Given information:
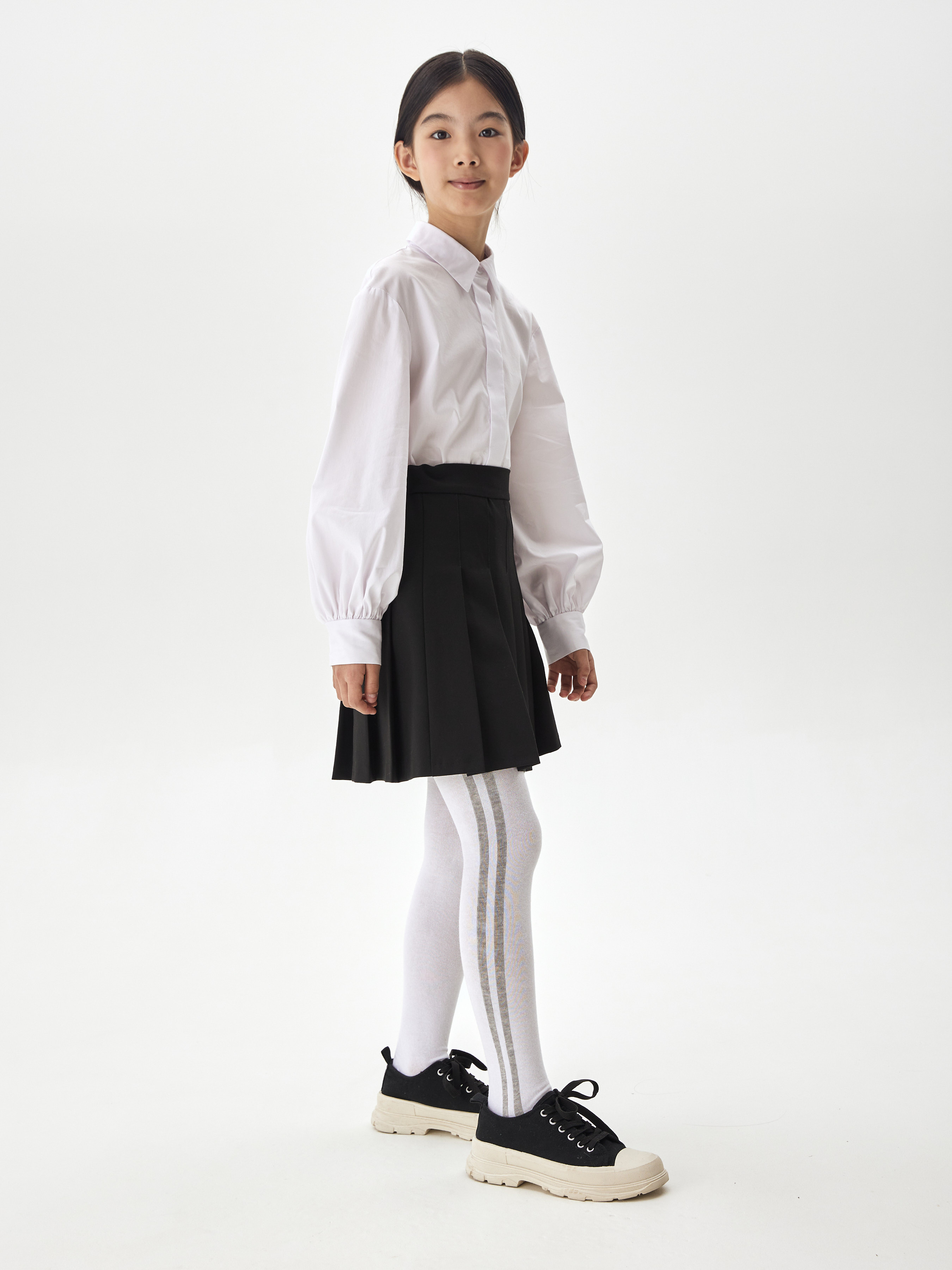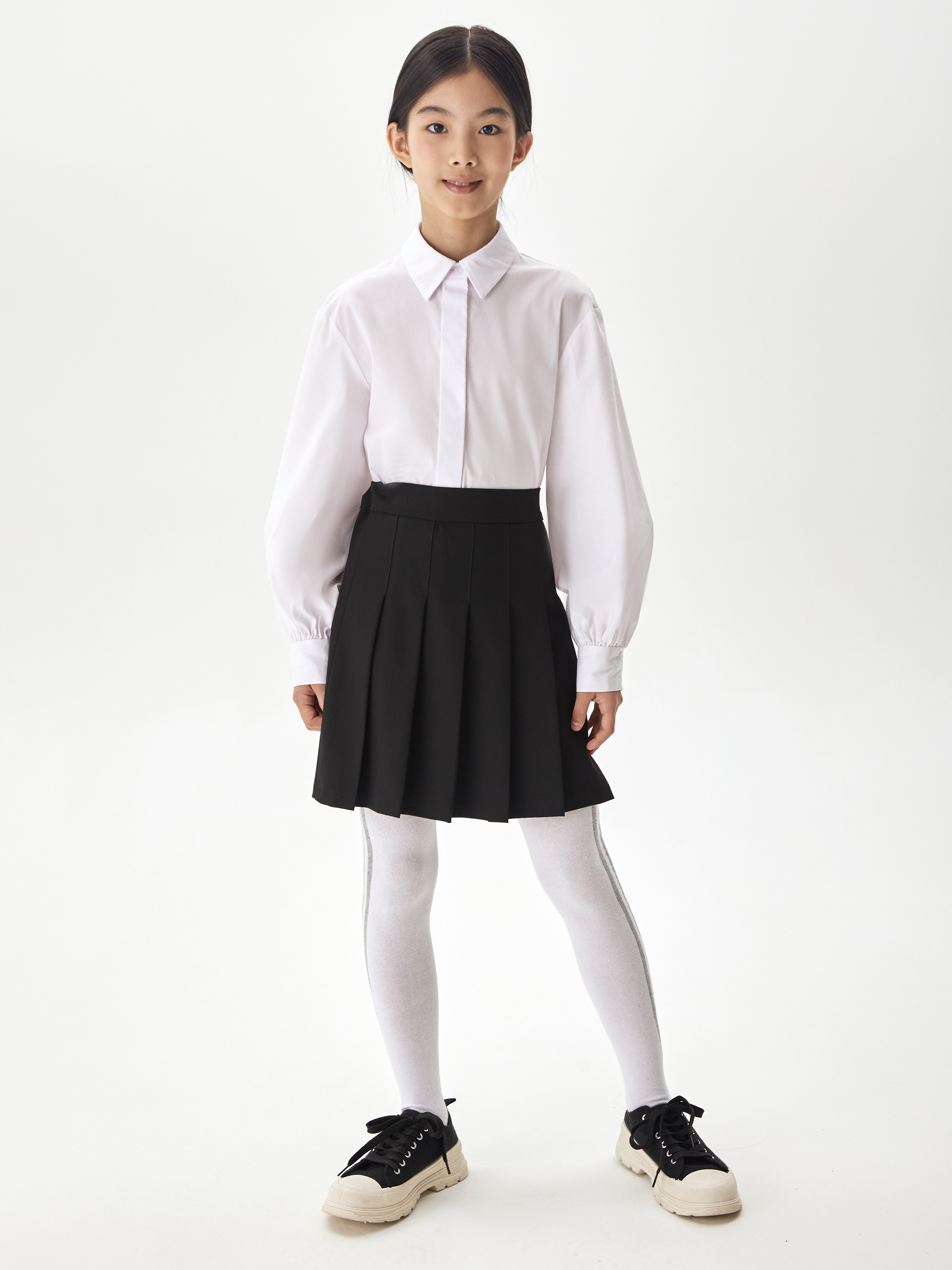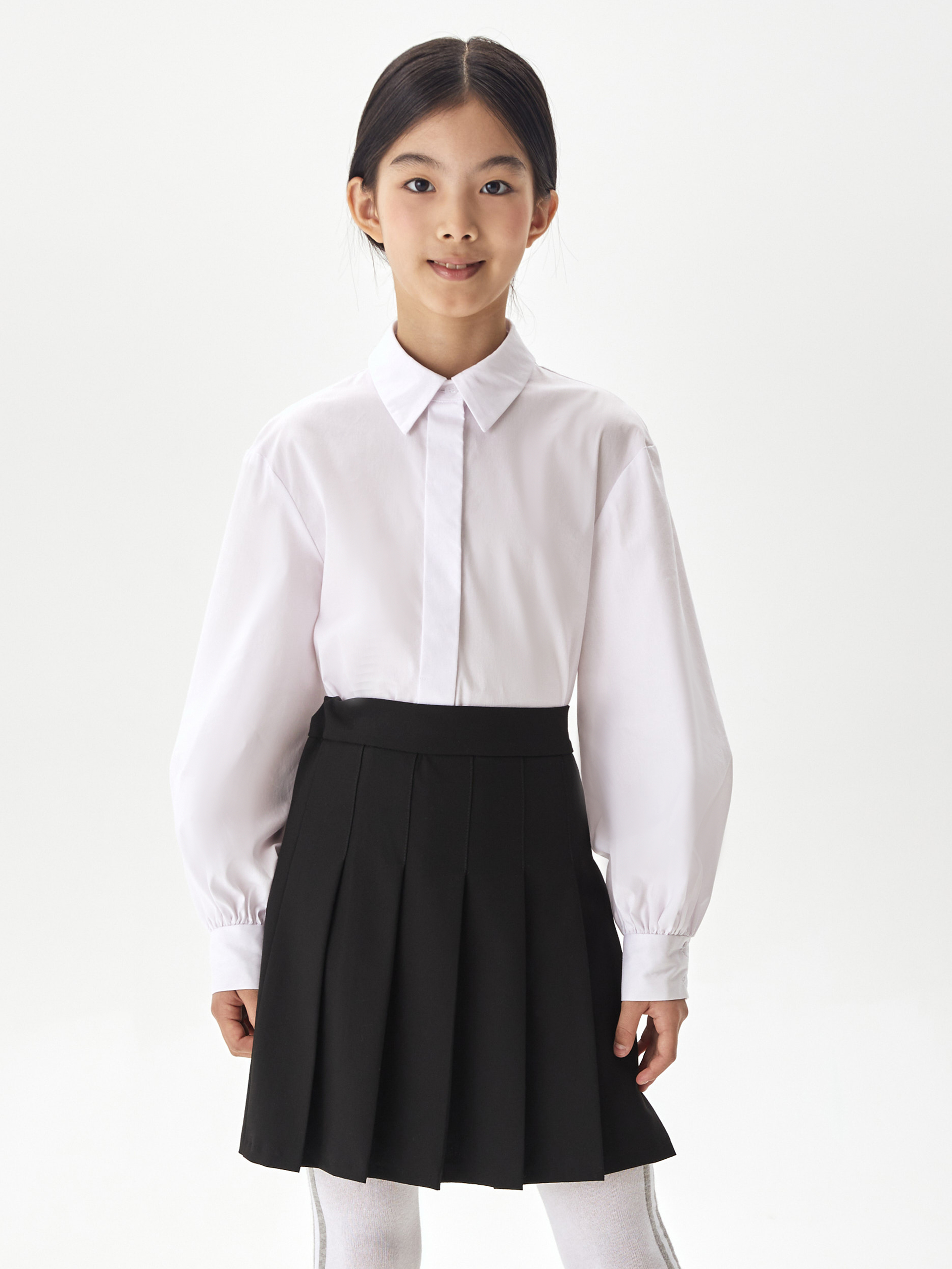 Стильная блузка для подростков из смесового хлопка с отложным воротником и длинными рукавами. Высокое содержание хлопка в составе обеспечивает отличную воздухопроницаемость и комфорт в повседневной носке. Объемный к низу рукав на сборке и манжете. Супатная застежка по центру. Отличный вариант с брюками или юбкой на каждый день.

--

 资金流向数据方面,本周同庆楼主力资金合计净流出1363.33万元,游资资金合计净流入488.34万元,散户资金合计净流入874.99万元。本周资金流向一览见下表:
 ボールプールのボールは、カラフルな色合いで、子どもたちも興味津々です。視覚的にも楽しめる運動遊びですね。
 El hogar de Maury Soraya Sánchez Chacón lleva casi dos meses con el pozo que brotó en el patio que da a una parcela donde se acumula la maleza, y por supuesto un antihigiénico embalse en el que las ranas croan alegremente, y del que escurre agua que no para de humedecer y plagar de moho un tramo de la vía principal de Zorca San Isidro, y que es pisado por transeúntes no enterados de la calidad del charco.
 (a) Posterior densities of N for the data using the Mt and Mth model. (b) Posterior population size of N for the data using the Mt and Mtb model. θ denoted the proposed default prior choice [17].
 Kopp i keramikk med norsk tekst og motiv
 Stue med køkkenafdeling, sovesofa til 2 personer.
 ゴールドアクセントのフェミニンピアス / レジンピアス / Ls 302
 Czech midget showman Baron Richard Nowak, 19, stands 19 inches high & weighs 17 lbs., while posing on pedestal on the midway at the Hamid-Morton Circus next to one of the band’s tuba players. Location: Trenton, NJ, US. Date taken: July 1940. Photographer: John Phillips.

...

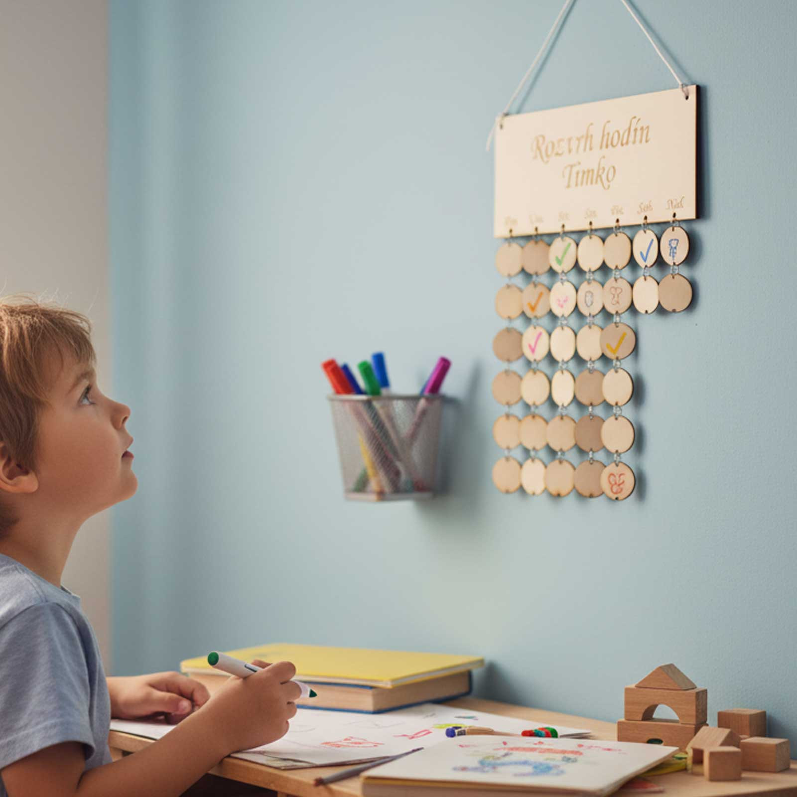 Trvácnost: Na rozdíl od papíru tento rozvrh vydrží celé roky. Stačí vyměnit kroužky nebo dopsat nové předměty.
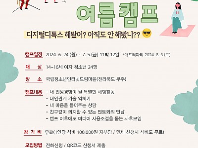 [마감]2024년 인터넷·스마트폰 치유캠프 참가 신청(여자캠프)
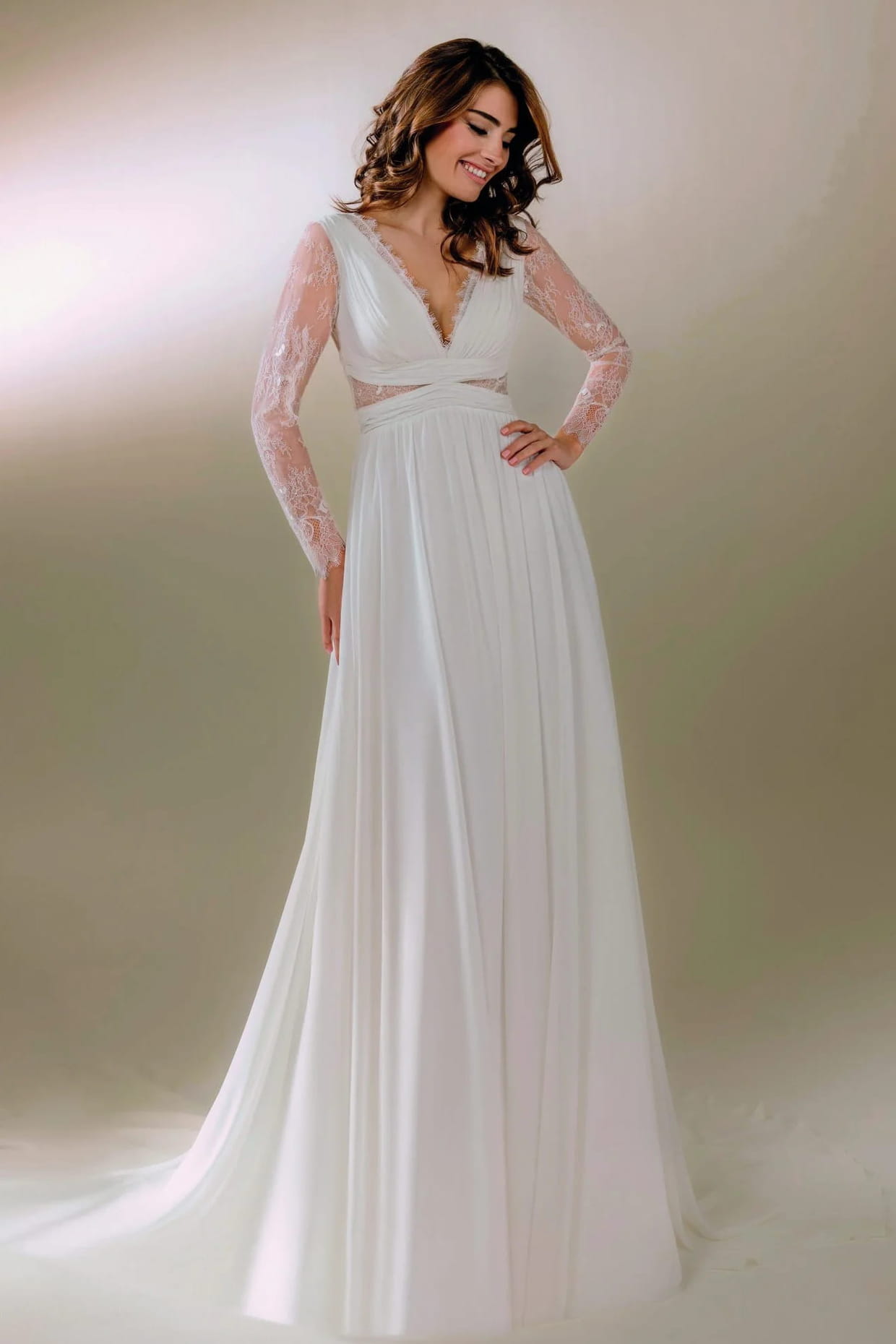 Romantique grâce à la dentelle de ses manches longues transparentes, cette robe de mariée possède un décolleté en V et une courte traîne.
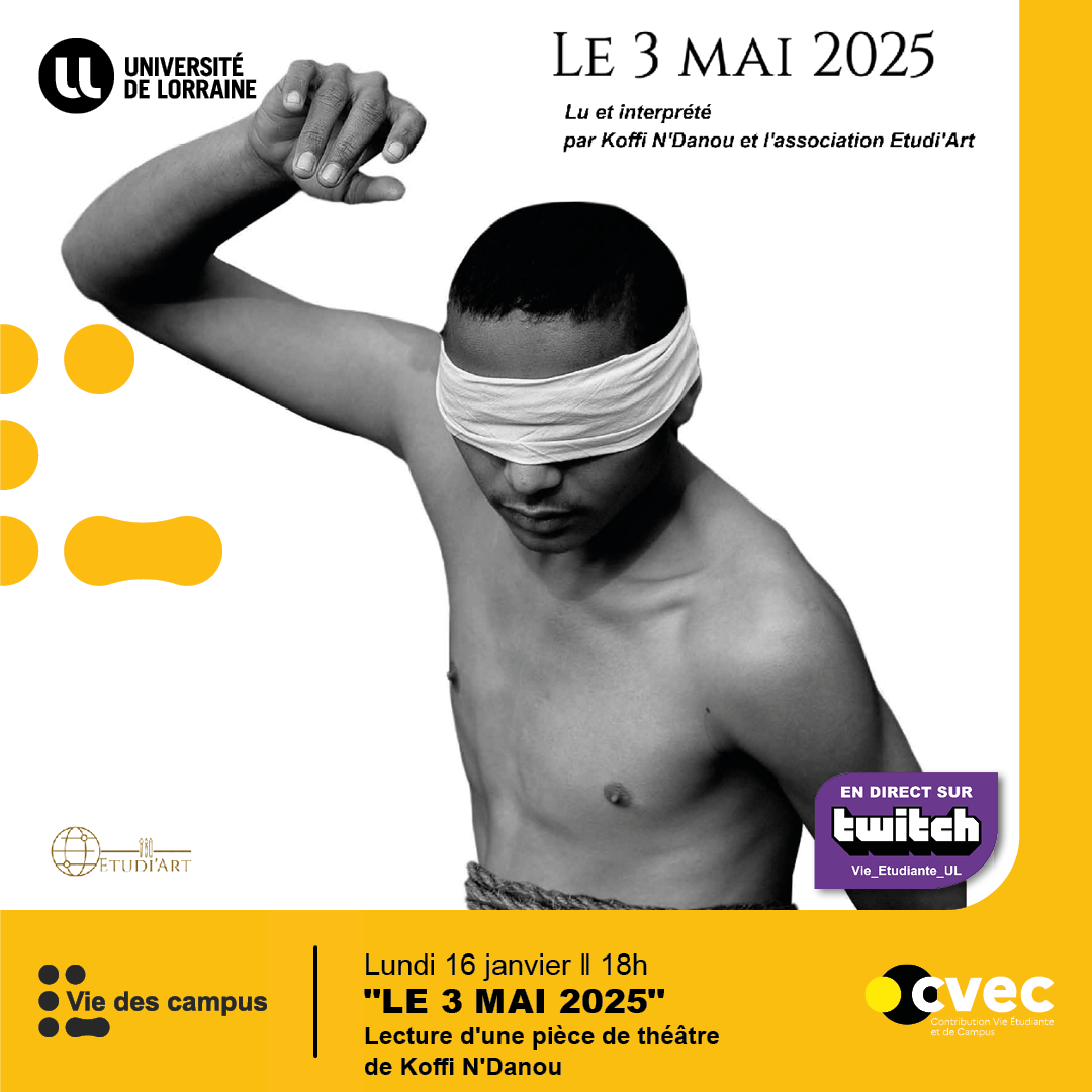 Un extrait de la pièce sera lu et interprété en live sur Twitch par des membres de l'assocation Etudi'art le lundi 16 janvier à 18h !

Your task: From the records above, write out exactly the lines that begin at the line with "Trvácnost: Na rozdíl" and end at the line with "Un extrait de". Pictures must not appear in the output.

Task answer:
 Trvácnost: Na rozdíl od papíru tento rozvrh vydrží celé roky. Stačí vyměnit kroužky nebo dopsat nové předměty.
 [마감]2024년 인터넷·스마트폰 치유캠프 참가 신청(여자캠프)
 Romantique grâce à la dentelle de ses manches longues transparentes, cette robe de mariée possède un décolleté en V et une courte traîne.
 Un extrait de la pièce sera lu et interprété en live sur Twitch par des membres de l'assocation Etudi'art le lundi 16 janvier à 18h !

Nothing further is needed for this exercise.